Her strategy centers on buying below market value, improving the property, allowing it to appreciate, and then tapping into the built-up equity to help finance another purchase.
As her portfolio expanded, her financing evolved. She moved from paying all cash for her first condo to using conventional loans and later DSCR (debt service coverage ratio) loans, which are designed for investors and rely heavily on a property’s cash flow.
Her second purchase was a two-bedroom, one-bath single-family home. She bought it in June 2025 for about $105,000, putting down 25%. After investing about $50,000 in renovations, she said the home appraised at $195,000 and rented for $1,500 a month.
“This property allowed me to execute the BRRRR strategy successfully,” she said, referring to buy, rehab, rent, refinance, repeat. She said she was able to pull out about 70% of the appraised value to help fund her next purchases.
Within about two years of buying her first condo, Yu had a five-property portfolio. Her first three are cash-flowing, while her fourth is currently listed for rent, and her fifth is being prepared for tenants. Business Insider reviewed mortgage documents to confirm ownership and lease agreements to verify rental rates.
Courtesy of Carolyn Yu
One of the challenges she’s faced since buying property has been vacancy.
She purchased her first condo in late 2024 — “probably the worst time to rent because of winter vacancy,” she said — and it sat empty for six months. She eventually lowered the asking rent by about $100 a month before securing a tenant.
The vacancy was stressful, but manageable because she had paid cash and didn’t carry a mortgage. Still, she owed about $600 a month in HOA dues.
Her advice to other investors: keep at least six months of reserves, know your numbers inside and out, and expect vacancies and repairs.
Why she prefers real estate to stocks
Yu still invests in stocks, but said she prefers real estate because it feels more controllable and scalable. In addition to generating a few thousand dollars a month in rental income, she’s also building equity in her properties.

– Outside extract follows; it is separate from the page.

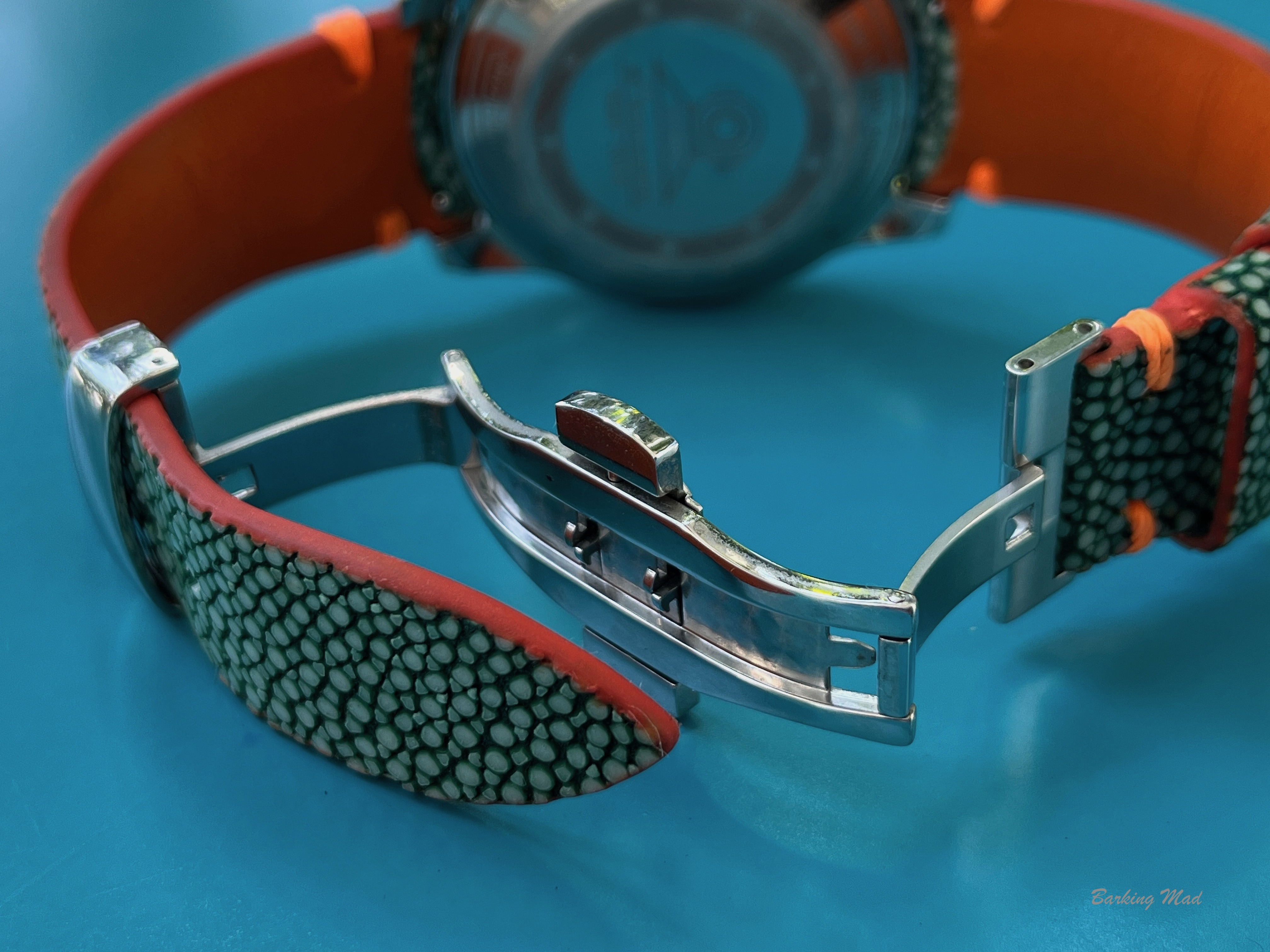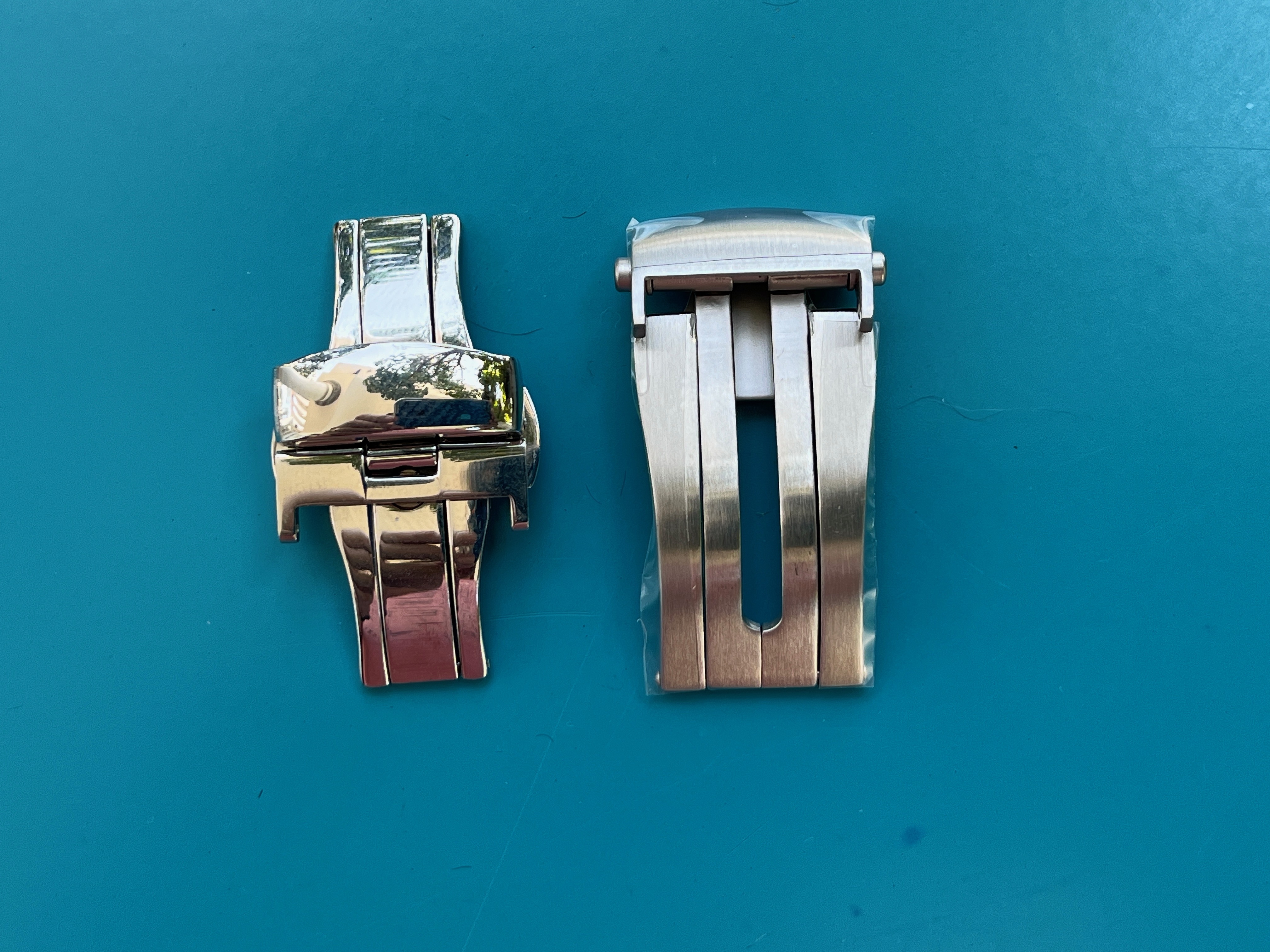 I fitted a custom strap that I had made but have never been overly happy with the deployant clasp for a couple of reasons, one it was polished when the original and the watch are brushed and two the release action requiring the pressing of buttons unlike the factory friction fit.

“Real estate gave me more control, more tangible assets, more tax efficiency,” she said, pointing to depreciation, mortgage interest deductions, and the ability to refinance without selling. She also enjoys negotiating deals.
She funnels most of her rental income back into her stock portfolio. Her end goal is financial independence and work flexibility.
Yu wants to own at least eight properties by 2027 and have her portfolio appraised at roughly $2 million. By then, she hopes rental income will cover her expenses and provide enough cushion to leave her W-2 job, so she can focus solely on her real estate business.
She’s also changed how she thinks about spending. Early in her career, she said she coped with work stress by traveling frequently. Now, she prioritizes investing over lifestyle upgrades.
“I would rather put my money into investments right now in exchange for vacations in the future,” she said. “I think it’s totally worth it because I think in two years, I could be financially free.”